• Work to complete: Write out all of the records below precisely as given, omitting the images.

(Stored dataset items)
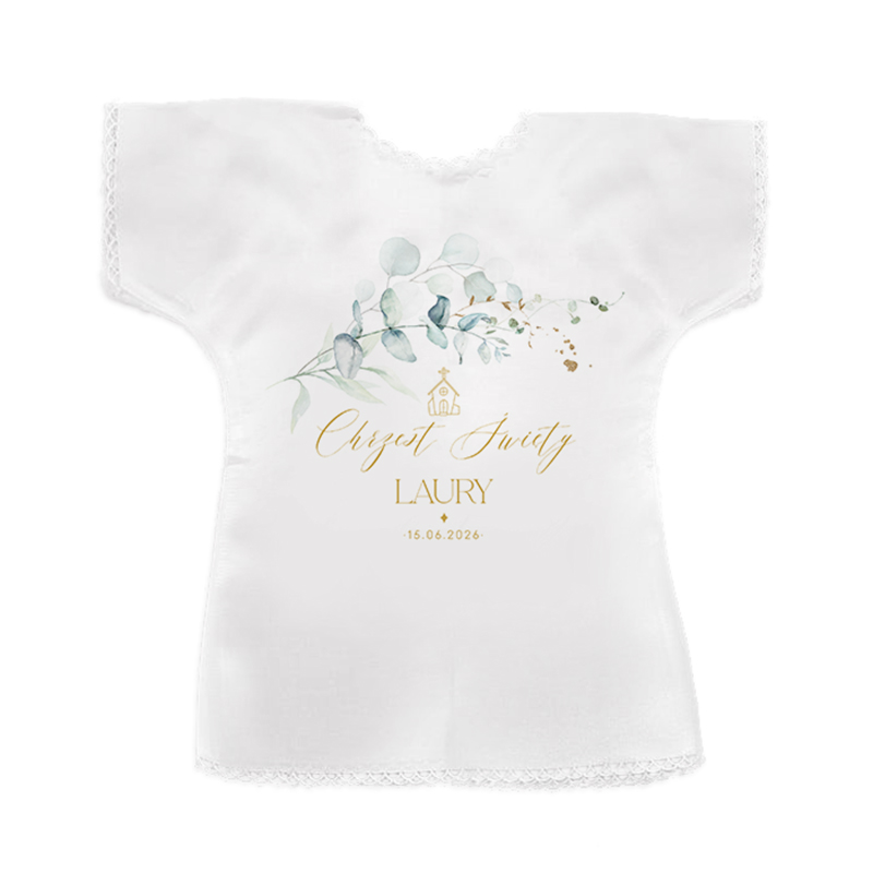 Szatka chrzcielna z personalizacją i roślinną grafiką ma formę ubranka i wykonana jest z miękkiego białego materiału o satynowym wykończeniu. Na jej froncie znajduje się delikatna grafika przedstawiająca gałązki eukaliptusa i wizerunek kościoła, a także napis:
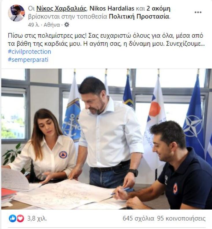 «Πίσω στις πολεμίστρες μας!», έγραψε χαρακτηριστικά ο κ. Χαρδαλιάς
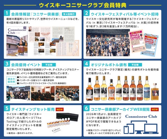 ウイスキーコニサー資格取得者で、コニサークラブへの入会を申し込み、年会費6,600円(税込)をお支払いいただいた方を「コニサークラブ会員」といたします。会員特典として年4 回発行の会報誌の送付に加えて、ウイスキーフェスティバルへの招待、限定イベントの参加権利や限定ボトルの購入権といった特典を用意しています。https://whiskyconnoisseur.jp/club/(ウイスキーコニサークラブHP)
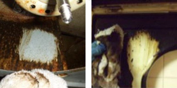 ※放置された油は劣化してレンジフードの塗装を傷め、剥がれやすくなっています。商品自体が塗装を剥がしてしまうわけではありません。
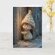 Tarjeta Cumpleaños Bashful Munchkin de pie junto a una pue
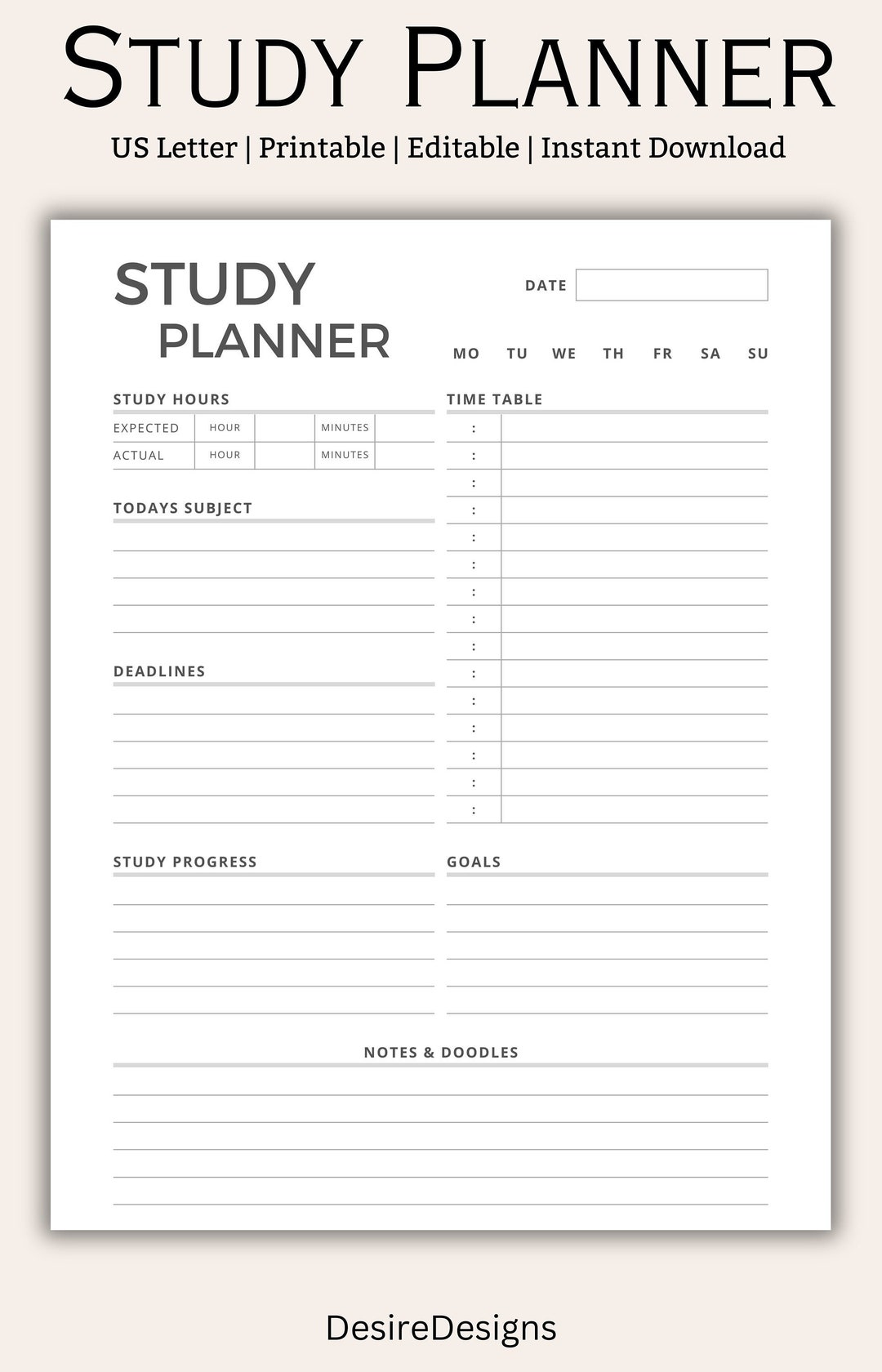 Study planner printable PDF student planner

• Expected output:
 Szatka chrzcielna z personalizacją i roślinną grafiką ma formę ubranka i wykonana jest z miękkiego białego materiału o satynowym wykończeniu. Na jej froncie znajduje się delikatna grafika przedstawiająca gałązki eukaliptusa i wizerunek kościoła, a także napis:
 «Πίσω στις πολεμίστρες μας!», έγραψε χαρακτηριστικά ο κ. Χαρδαλιάς
 ウイスキーコニサー資格取得者で、コニサークラブへの入会を申し込み、年会費6,600円(税込)をお支払いいただいた方を「コニサークラブ会員」といたします。会員特典として年4 回発行の会報誌の送付に加えて、ウイスキーフェスティバルへの招待、限定イベントの参加権利や限定ボトルの購入権といった特典を用意しています。https://whiskyconnoisseur.jp/club/(ウイスキーコニサークラブHP)
 ※放置された油は劣化してレンジフードの塗装を傷め、剥がれやすくなっています。商品自体が塗装を剥がしてしまうわけではありません。
 Tarjeta Cumpleaños Bashful Munchkin de pie junto a una pue
 Study planner printable PDF student planner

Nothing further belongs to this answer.